Clutch Start (Love on the Limit #2)

Clutch Start (Love on the Limit #2)

By Kris Monforte

1. Riley

Riley

February – Preseason Testing – Philip Island, VIC

It’s the new season, and I am ready. Last season was an intense and fierce battle until the very last race.

My best mate, Javi Cordova, walked away with the championship and hand-in-hand with the woman of his dreams. It was all sweet and wonderful, and Sophia has fit in well with the rest of the crew.

Plans of long days spent at the MudPit motocross tracks over the season break were unexpectantly cut when my parents called to tell me the news that my sister, Kiara, had taken her life. This sent a shockwave through my family, and I raced back home to be with them.

I was touched when the whole crew, my team owner, Koby Hartley, and a few other team owners came to pay their respects at Kiara’s funeral. She used to hang out in my pit box through the last few seasons, so they knew her well.

The crew helped by reaching out and keeping me involved in group chats while I was spending time with my parents back on our farm in the Southern Highlands of New South Wales. I was grateful for their regular check ins .

Updates from Fleur revealed she's been happy there's another woman around to dial down the boy hijinks and bottom of the barrel humour. But she can’t stop this happening all together.

I arranged for a late start on the first day back on track.

My parents came to spend a few days with me while I geared up for the start of the season, and we wanted to spend as much time together as possible as they get incredibly busy on the farm and live far away from all but one of the tracks.

So, I wouldn’t be seeing them for a few months.

We sit around the hotel’s restaurant before they head to the airport.

“Are you sure you have time for breakfast with us, dear? We don’t want to keep you for your first day back on track.” Mum worries as we sit down, looking at the menus.

“It’s ok, Mum. Koby said to take the whole day, if I wanted,” I reassured her. Koby values family and understood our situation. A stand-up team owner.

“As long as you won’t be in trouble for being late,” Mum replies.

I feel like she thinks this is like an office job, where I have an unreasonable boss who clock watches and has a mountain of paperwork for me to do.

My parents love that I can do something I love and am passionate about, but they don’t completely get it.
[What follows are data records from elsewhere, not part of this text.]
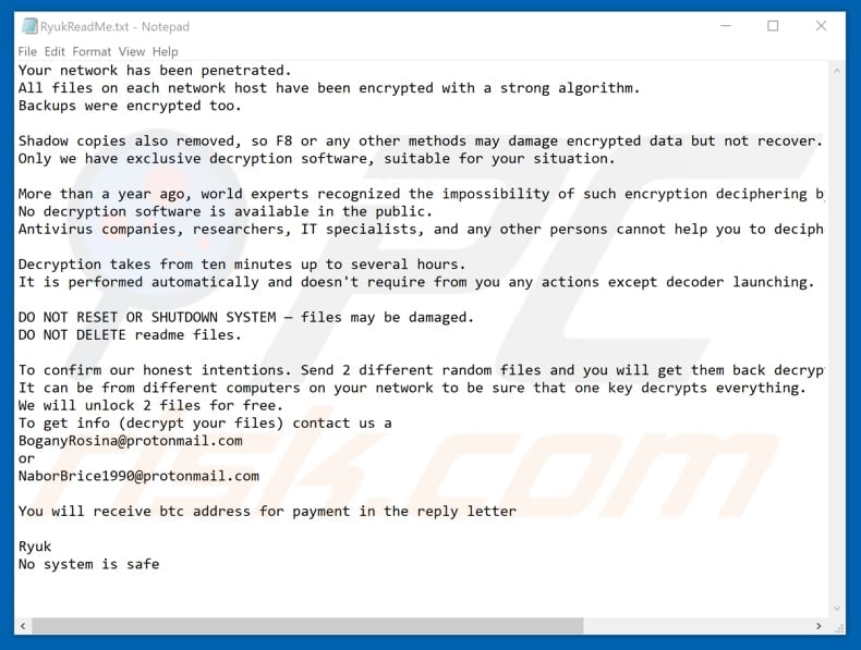 They urge people not to delete or rename the "RyukReadMe.txt" text files. RYK developers offer free decryption of two files to prove decryption is possible and in an attempt to give the impression that they can be trusted.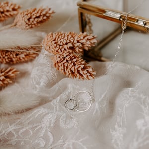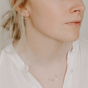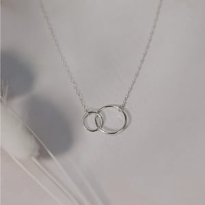 Our together necklace features a delicate duo of silver interlinked circles, of 2 different sizes presented on a silver trace chain.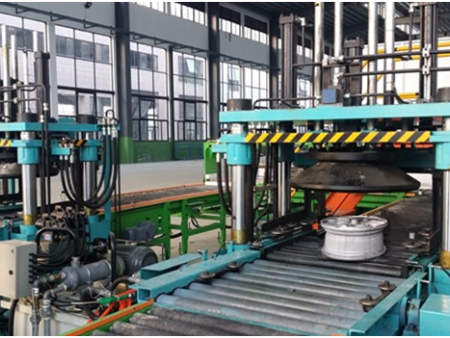 自動式去進膠口鑽探機工作內容:成形後的輪圈毛胚,由輔助輥道協助下送進輪型自動檢索係統軟件(測高模塊)並出示的輪型編號,鑽機全自動解決後確認每一輪圈的生產加工主要參數。輪圈抵達轉孔工裝夾具後被全自動調心壓料模塊緊抱並精準定位後轉孔锪平上表層。生產加工完的輪圈再曆經消除鋁屑工裝夾具,將粘附的鋁屑消除掉並吹掉很多的切削液再離去進膠口鑽。
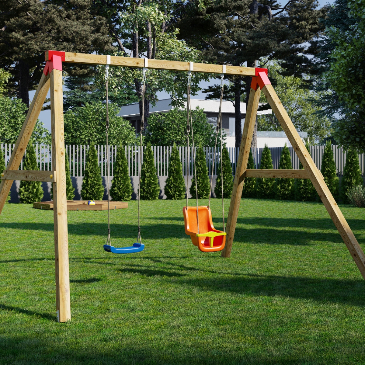 Ми використовуємо найвищої якості матеріалів для виробництва наших роз'ємів. Сталь товщиною 2 мм і захищена фарбуванням порошком. Це робить його стійким до погодних умов. У поєднанні з якорями до землі та підвісками для гойдалки (доступні на наших інших пропозиціях) Ви створите безпечний простір для своїх дітей.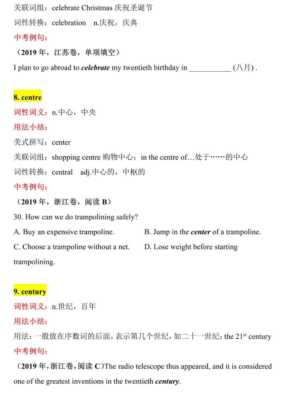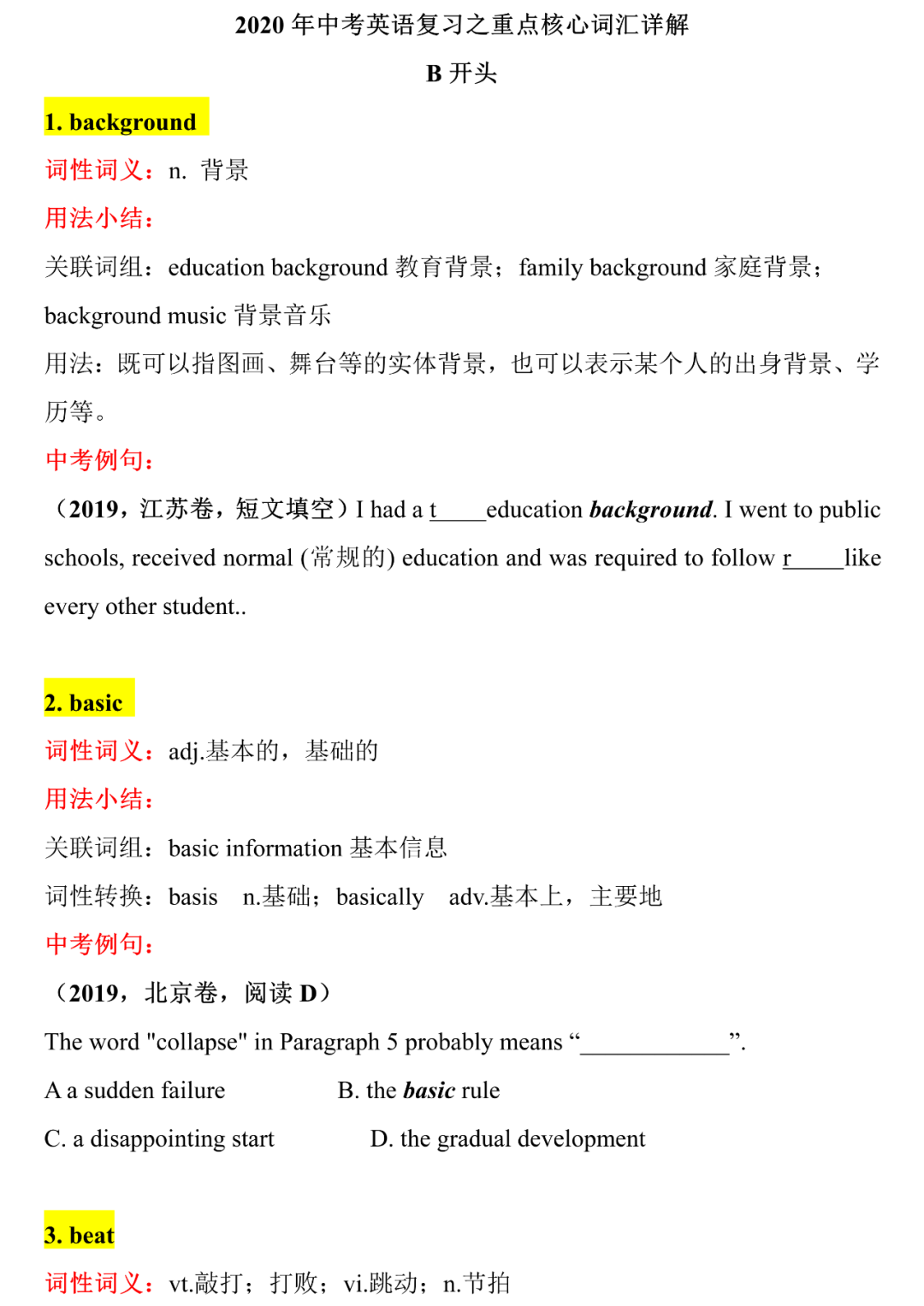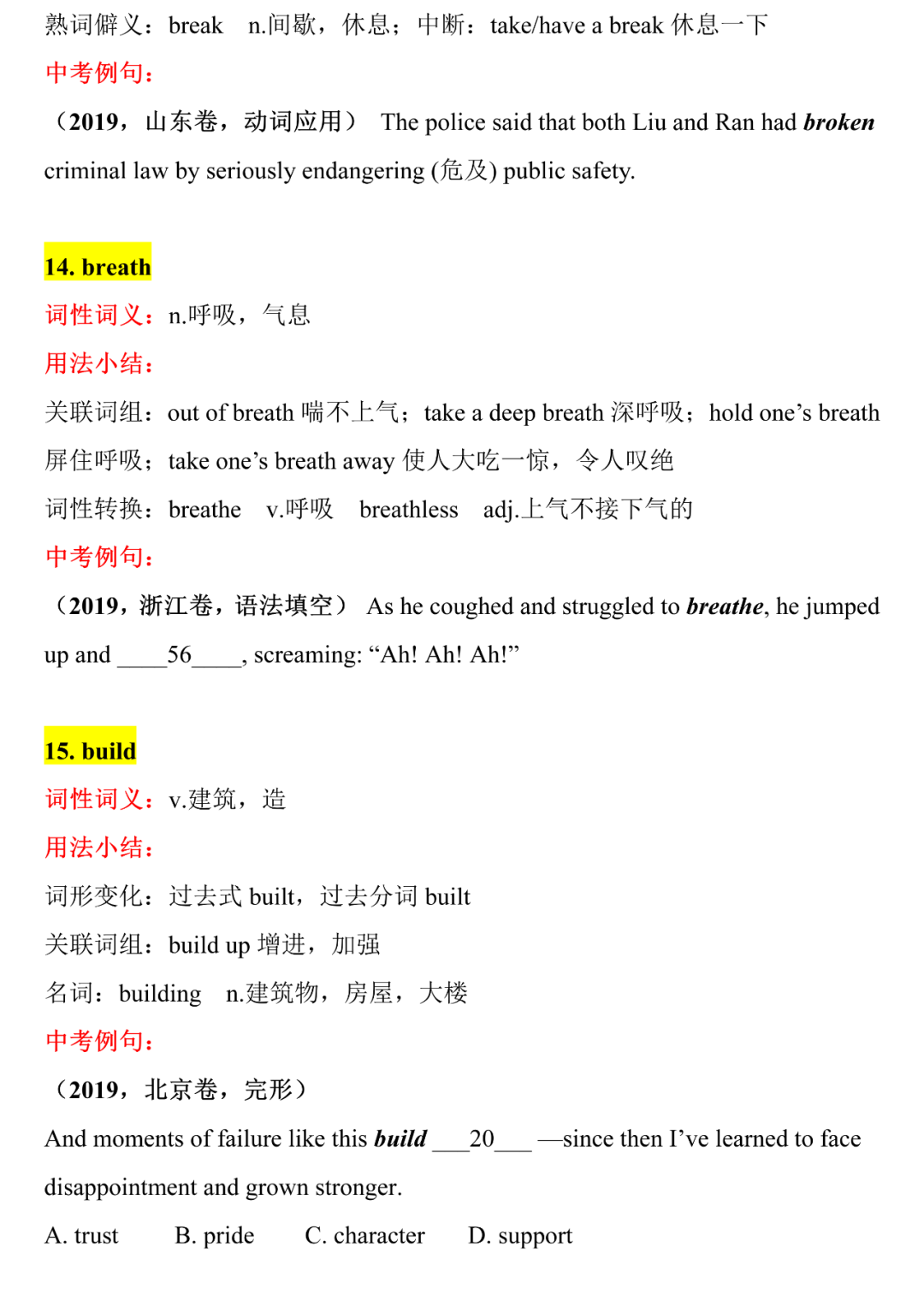 中考英语核心词汇详解,中考前再过一遍,2021考生提前背!B-C

They have spent minimal time in the pit boxes, only because they don’t understand or want to get in the way.

So they support me from afar. They always turned up and were in the crowds when I raced Nationals, but that was the extent of what they could grasp of it.

My sister, Kiara, on the other hand, loved being in the pits with me, parking herself next to me whenever she could. She really enjoyed herself here.

“Do you have an idea on when you’ll have a free weekend to come back home?” Dad interrupts my thoughts.

“Nah, I might know today when we get the racing schedules and if there are any changes. I will let you know as soon as I do, so we can plan,” I reply as a server arrives to take our order.

Breakfast was nice and made me feel sad that my parents don’t live close enough to see on my off-weekends. I’ll have to call them more this season. They give me long hugs as they get into a cab for the airport, refusing my offer to ride with them, saying I was late enough because of them.

Taking the next cab in the cab rank, I head to the track to get this season started.